*WHAT YOU SHOULD DO*
Take the lines below from the one with "ありがとうございます>西新井展示場のF氏<m(__)m> 写真は西新井展示場で、3種類の床材を比較したところ。 |" through the one with "65% Polyester 35%" and print only them, exactly. Don't print the pictures.

*SUPPLIED ENTRIES*

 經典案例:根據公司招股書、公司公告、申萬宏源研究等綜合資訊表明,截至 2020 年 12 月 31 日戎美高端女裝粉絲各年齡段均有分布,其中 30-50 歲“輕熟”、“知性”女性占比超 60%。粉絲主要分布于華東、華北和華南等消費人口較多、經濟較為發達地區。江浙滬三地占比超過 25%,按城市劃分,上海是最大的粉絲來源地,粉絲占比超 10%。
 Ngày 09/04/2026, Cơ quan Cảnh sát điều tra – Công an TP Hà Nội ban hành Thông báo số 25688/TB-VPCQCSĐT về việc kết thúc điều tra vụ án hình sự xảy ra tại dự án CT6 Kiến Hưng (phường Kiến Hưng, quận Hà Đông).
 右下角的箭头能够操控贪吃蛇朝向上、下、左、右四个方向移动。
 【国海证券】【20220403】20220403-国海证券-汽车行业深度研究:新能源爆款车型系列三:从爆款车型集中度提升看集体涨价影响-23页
---
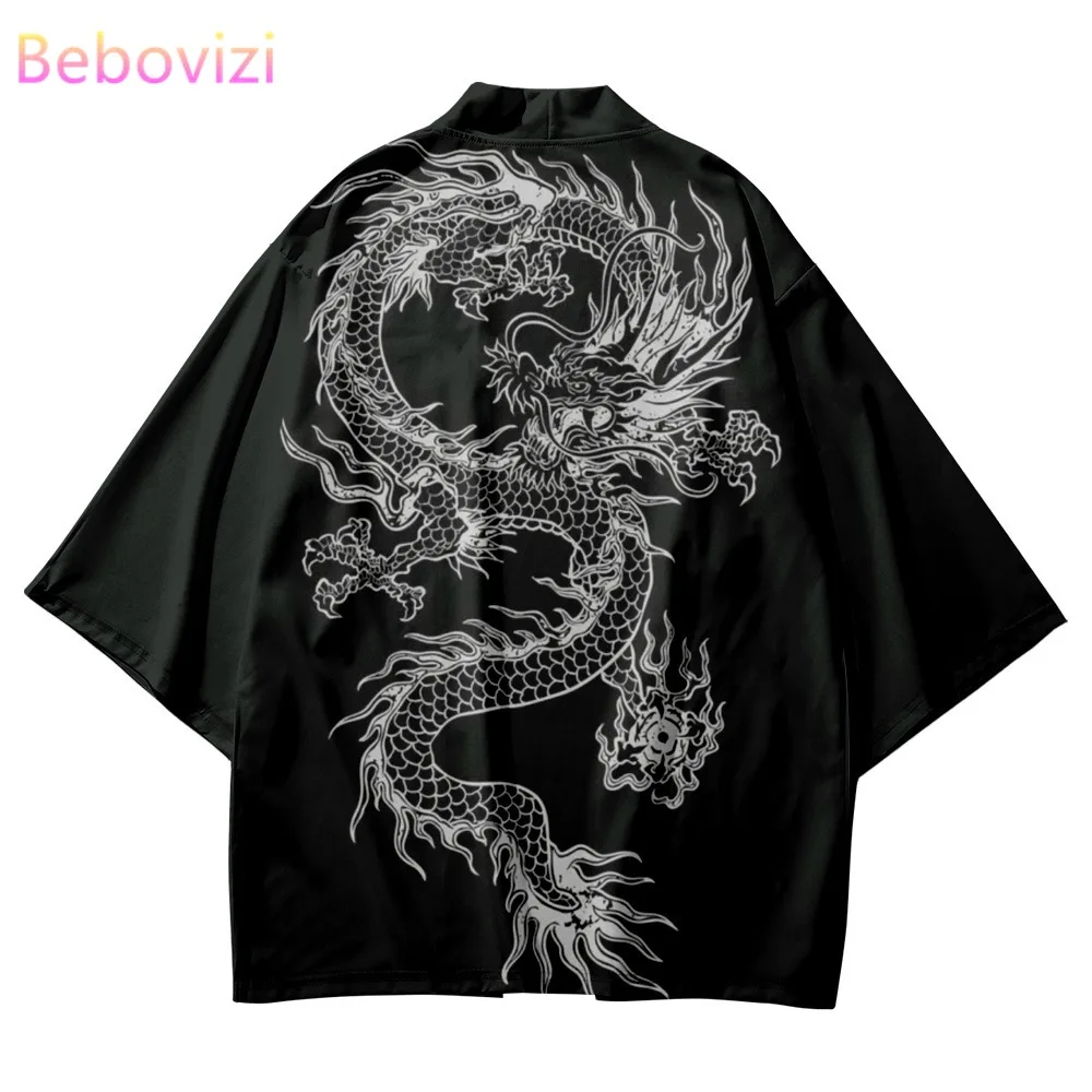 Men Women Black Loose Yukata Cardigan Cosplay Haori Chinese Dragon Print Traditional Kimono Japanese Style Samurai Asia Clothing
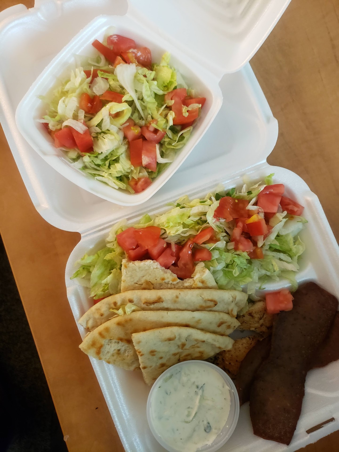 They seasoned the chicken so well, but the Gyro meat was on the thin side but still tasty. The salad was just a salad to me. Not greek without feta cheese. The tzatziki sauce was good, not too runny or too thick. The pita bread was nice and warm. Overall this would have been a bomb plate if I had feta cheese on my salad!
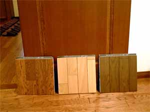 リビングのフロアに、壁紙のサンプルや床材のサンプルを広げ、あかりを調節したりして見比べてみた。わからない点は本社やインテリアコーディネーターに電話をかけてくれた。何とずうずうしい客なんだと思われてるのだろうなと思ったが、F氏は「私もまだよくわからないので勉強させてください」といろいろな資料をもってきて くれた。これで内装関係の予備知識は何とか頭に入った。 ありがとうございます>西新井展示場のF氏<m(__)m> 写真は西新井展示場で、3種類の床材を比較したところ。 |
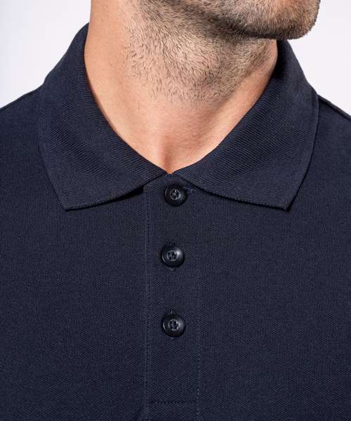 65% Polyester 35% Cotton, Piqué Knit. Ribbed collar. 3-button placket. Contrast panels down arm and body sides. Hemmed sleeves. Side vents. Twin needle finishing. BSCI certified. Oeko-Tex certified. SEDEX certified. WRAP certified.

*SOLUTION TO THIS TASK*
 リビングのフロアに、壁紙のサンプルや床材のサンプルを広げ、あかりを調節したりして見比べてみた。わからない点は本社やインテリアコーディネーターに電話をかけてくれた。何とずうずうしい客なんだと思われてるのだろうなと思ったが、F氏は「私もまだよくわからないので勉強させてください」といろいろな資料をもってきて くれた。これで内装関係の予備知識は何とか頭に入った。 ありがとうございます>西新井展示場のF氏<m(__)m> 写真は西新井展示場で、3種類の床材を比較したところ。 |
 65% Polyester 35% Cotton, Piqué Knit. Ribbed collar. 3-button placket. Contrast panels down arm and body sides. Hemmed sleeves. Side vents. Twin needle finishing. BSCI certified. Oeko-Tex certified. SEDEX certified. WRAP certified.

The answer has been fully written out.